Return, without pictures, the lines from the start of the data through the one that contains "優しいスタイルのスーツ、イレギュラーな白いセーターの女性、早春のハイウエスト A ライン".

== Given data ==
- - - - -
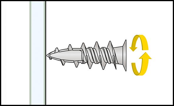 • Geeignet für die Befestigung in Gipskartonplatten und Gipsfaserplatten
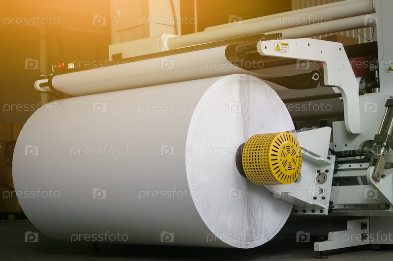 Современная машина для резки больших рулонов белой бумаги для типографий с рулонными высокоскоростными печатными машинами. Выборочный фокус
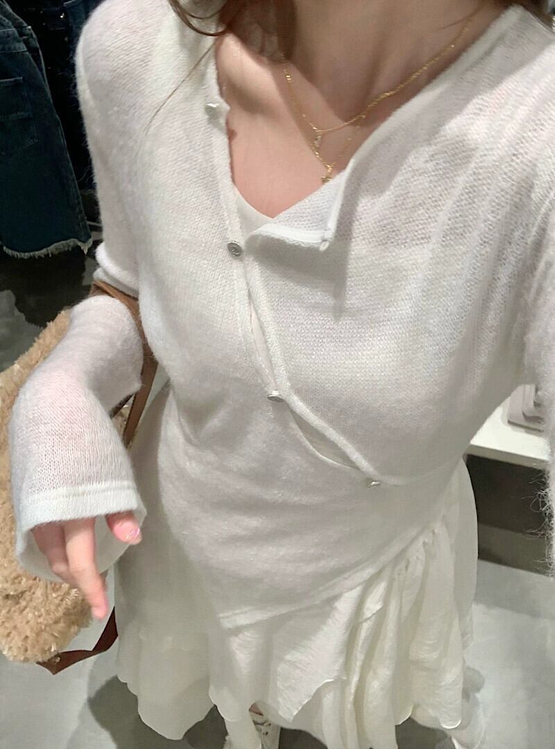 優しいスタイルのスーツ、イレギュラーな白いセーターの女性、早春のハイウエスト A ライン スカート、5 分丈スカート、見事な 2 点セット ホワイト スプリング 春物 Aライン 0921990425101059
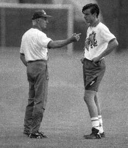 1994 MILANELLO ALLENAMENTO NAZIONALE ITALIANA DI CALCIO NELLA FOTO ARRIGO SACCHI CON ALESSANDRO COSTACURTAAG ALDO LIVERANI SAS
- - - - -
== Response ==
 • Geeignet für die Befestigung in Gipskartonplatten und Gipsfaserplatten
 Современная машина для резки больших рулонов белой бумаги для типографий с рулонными высокоскоростными печатными машинами. Выборочный фокус
 優しいスタイルのスーツ、イレギュラーな白いセーターの女性、早春のハイウエスト A ライン スカート、5 分丈スカート、見事な 2 点セット ホワイト スプリング 春物 Aライン 0921990425101059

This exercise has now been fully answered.